─── Information shown ───
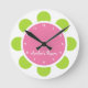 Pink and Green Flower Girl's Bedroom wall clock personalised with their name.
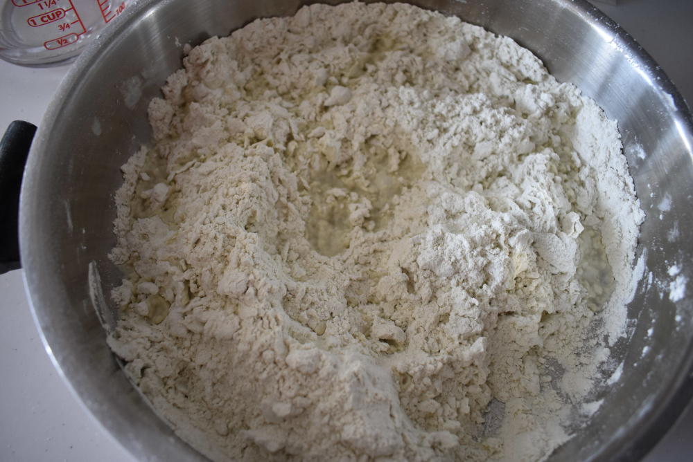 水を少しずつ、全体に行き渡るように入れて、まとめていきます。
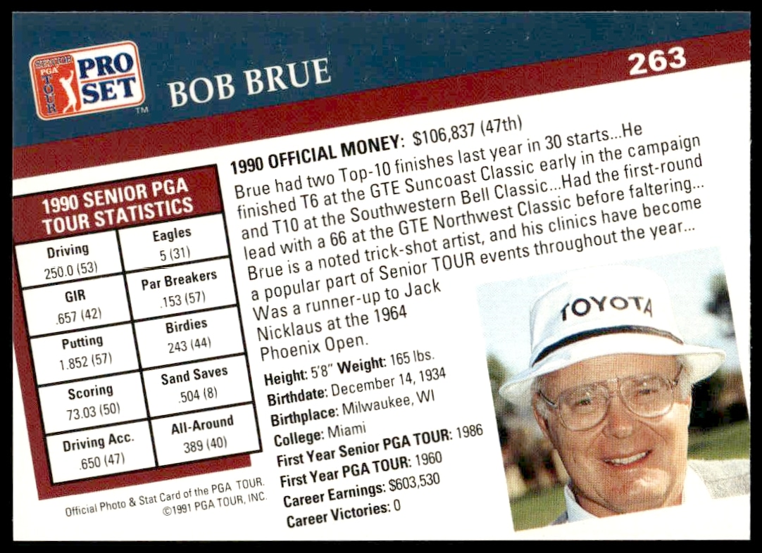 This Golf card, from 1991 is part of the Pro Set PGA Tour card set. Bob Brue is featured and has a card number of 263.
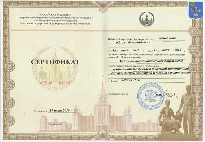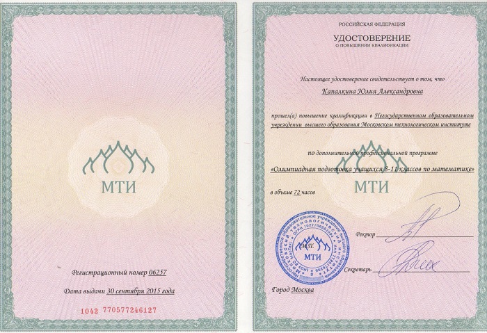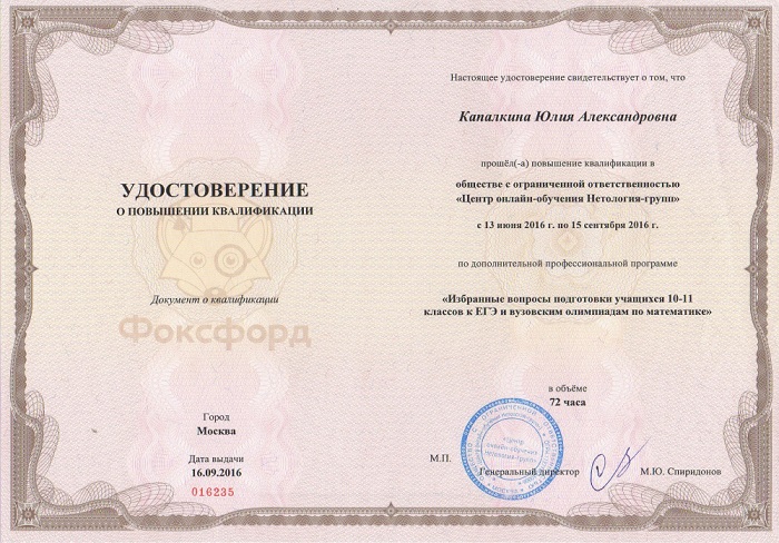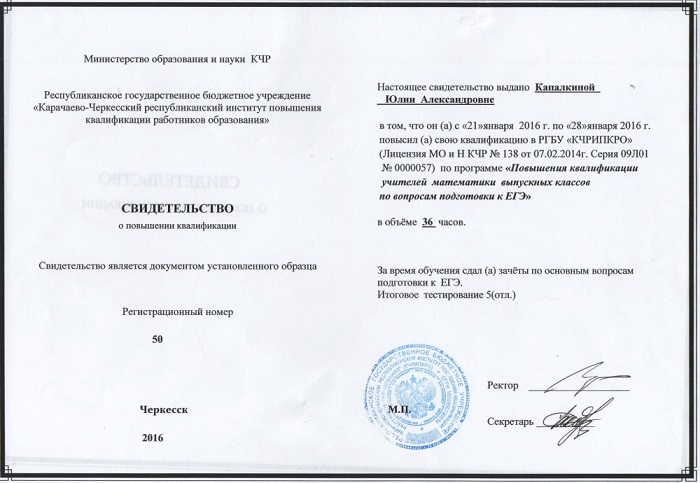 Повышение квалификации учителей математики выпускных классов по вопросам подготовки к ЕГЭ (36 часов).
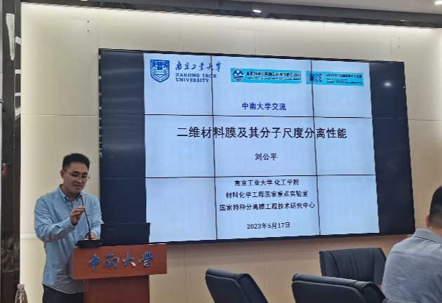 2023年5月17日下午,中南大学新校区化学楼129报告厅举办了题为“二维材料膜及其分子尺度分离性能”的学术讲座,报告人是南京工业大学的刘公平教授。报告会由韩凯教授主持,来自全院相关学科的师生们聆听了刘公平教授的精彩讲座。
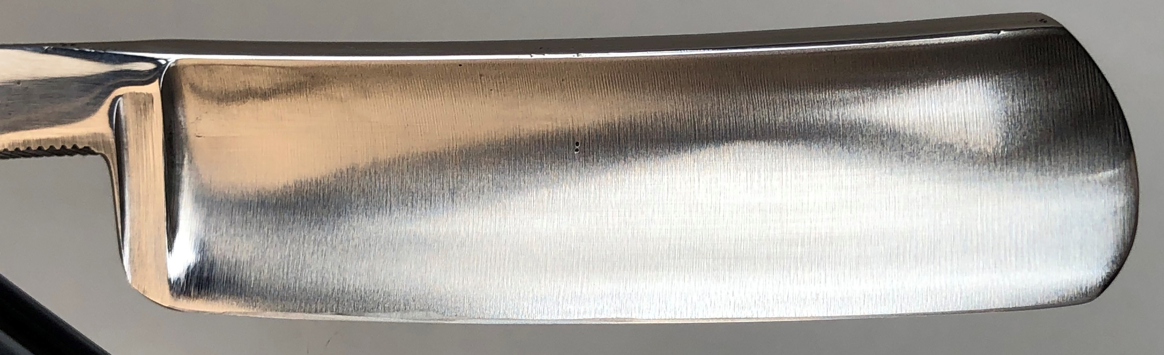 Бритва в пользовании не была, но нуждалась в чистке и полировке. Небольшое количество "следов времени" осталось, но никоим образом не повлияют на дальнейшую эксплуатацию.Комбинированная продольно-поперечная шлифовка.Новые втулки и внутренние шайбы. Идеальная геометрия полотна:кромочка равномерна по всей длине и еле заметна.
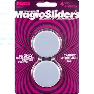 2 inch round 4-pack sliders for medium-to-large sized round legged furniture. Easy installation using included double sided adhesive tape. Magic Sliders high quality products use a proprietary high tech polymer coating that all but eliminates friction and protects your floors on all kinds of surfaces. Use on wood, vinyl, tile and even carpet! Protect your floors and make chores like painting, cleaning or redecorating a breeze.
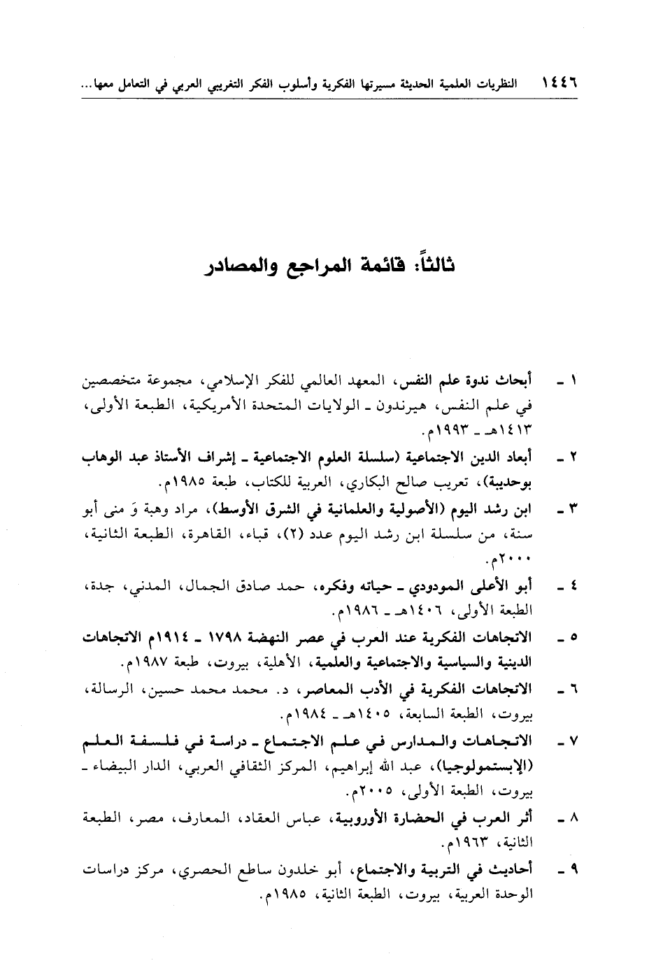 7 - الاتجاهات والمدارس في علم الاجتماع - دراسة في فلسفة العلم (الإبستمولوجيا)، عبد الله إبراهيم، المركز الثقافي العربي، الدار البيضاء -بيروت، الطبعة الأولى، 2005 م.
───
- Problem -
All that should appear in the answer is the lines above from the line with "Повышение квалификации учителей" through the line with "2 inch round", retyped exactly, pictures left out.

- Reply to the exercise -
 Повышение квалификации учителей математики выпускных классов по вопросам подготовки к ЕГЭ (36 часов).
 2023年5月17日下午,中南大学新校区化学楼129报告厅举办了题为“二维材料膜及其分子尺度分离性能”的学术讲座,报告人是南京工业大学的刘公平教授。报告会由韩凯教授主持,来自全院相关学科的师生们聆听了刘公平教授的精彩讲座。
 Бритва в пользовании не была, но нуждалась в чистке и полировке. Небольшое количество "следов времени" осталось, но никоим образом не повлияют на дальнейшую эксплуатацию.Комбинированная продольно-поперечная шлифовка.Новые втулки и внутренние шайбы. Идеальная геометрия полотна:кромочка равномерна по всей длине и еле заметна.
 2 inch round 4-pack sliders for medium-to-large sized round legged furniture. Easy installation using included double sided adhesive tape. Magic Sliders high quality products use a proprietary high tech polymer coating that all but eliminates friction and protects your floors on all kinds of surfaces. Use on wood, vinyl, tile and even carpet! Protect your floors and make chores like painting, cleaning or redecorating a breeze.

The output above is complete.